BAŞTAN söyleyeyim; Sinan Çetin'le ahbaplığım var.
Oğlu Rüzgar Çetin’i de tanırım, magazinel imajıyla alakası
olmadığını bilecek kadar tanırım.
Maalesef telafisi imkânsız bir trafik kazası yaptı, bir polisimiz
şehit oldu. Arkada acılı bir aile kaldı, hiçbir şey onların
kayıplarını geri getiremeyecek bir daha...

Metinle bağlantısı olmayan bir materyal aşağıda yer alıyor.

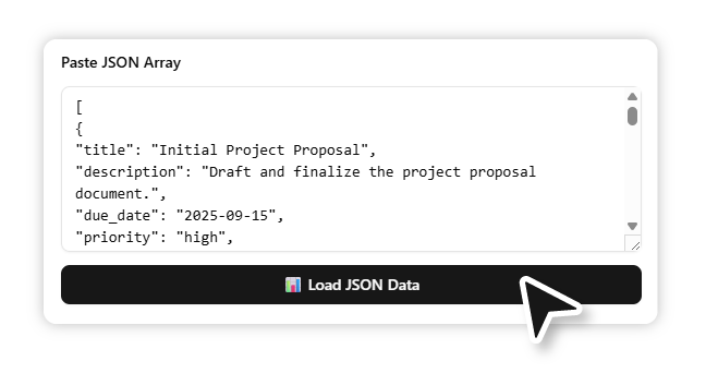 Copy and paste the JSON array into the app’s input field and click “Load JSON Data”. The application would instantly parse the data and render an interactive, editable table with columns for title, description, due date, priority, and completed.

Hepsi, buna Rüzgar ve ailesi de dahil, hayatlarının geri kalanında
bu kahredici gerçekle yaşamak zorunda.
***
Rüzgar 6 aydır Silivri Cezaevi’nde tutuklu. Yargılaması devam
ediyor.
Kendisi hapiste yatıyor ama gün geçmiyor ki adı bir magazin
haberine katık edilmesin.
Gün geçmiyor ki ‘Sinan Çetin magazin muhabirlerini karşısında
görünce karşı kaldırıma geçti, yolunu değiştirdi, suspus oldu’

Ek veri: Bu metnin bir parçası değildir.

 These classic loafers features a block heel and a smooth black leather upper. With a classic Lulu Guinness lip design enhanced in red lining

vesair içerikli bir tırıvırı haber okumayalım.
En son Bodrum’da ‘görüntülendi’ğini haber yaptılar.
‘Yakalanmamak için çadır kampına kaçtı ama orada da enselenmekten
kurtulamadı, tatili zehir oldu’ diye marifetlerini iftiharla
sunuyorlar bir de.
Ondan bir gün önce de İstanbul’da magazincilerin göz
hapsindeydi.
‘Oğlu hapiste olduğu için zor günler geçiren ünlü yönetmen Sinan
Çetin, bayram günü bankamatikten para çekerken yakalanınca bırakıp
gitti’ haberlerine maruz kaldık.
Epeydir gözlüyordum, nerede duracak bakalım diye. Durmuyor...

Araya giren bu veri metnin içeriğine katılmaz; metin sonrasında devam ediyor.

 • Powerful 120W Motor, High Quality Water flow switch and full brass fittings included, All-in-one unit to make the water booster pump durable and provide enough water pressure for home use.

Evlat hapiste, baba göz hapsinde. Biri cezaevinde tutuklu, diğeri
dışarıda gözetim altında tutuluyor.
Henüz kesinleşmemiş bir mahkûmiyeti birlikte yatıyorlar.
***
Tanışıklığımı ve dostluk duygularımı karıştırmadan yazıyorum.
Torpil geçmeden soruyorum.
Hak yerini bulsun mu istiyoruz, adalet mi talep ediyoruz?..
Yoksa ‘şöhret afettir’ sözünü genç bir adam ve şöhretli babası
üzerinden doğrulamaya mı uğraşıyoruz?
Dava, magazin sayfalarında görülüyor. Buna fit miyiz?
Babasının şöhretinin bedeli bir evlada ödetiliyor, müstahak
mıdır?
Oğlunun yaptığı kazanın cezası babasına kesiliyor, suçun şahsiliği
ilkesi bu mudur?
Göz önünde tanınmış simalar diye işkence çektiriliyor.
Bir aileden şöhretlerinin acısını, hıncını çıkarma; lüks
yaşantılarının intikamını alma davası mıdır bu dava?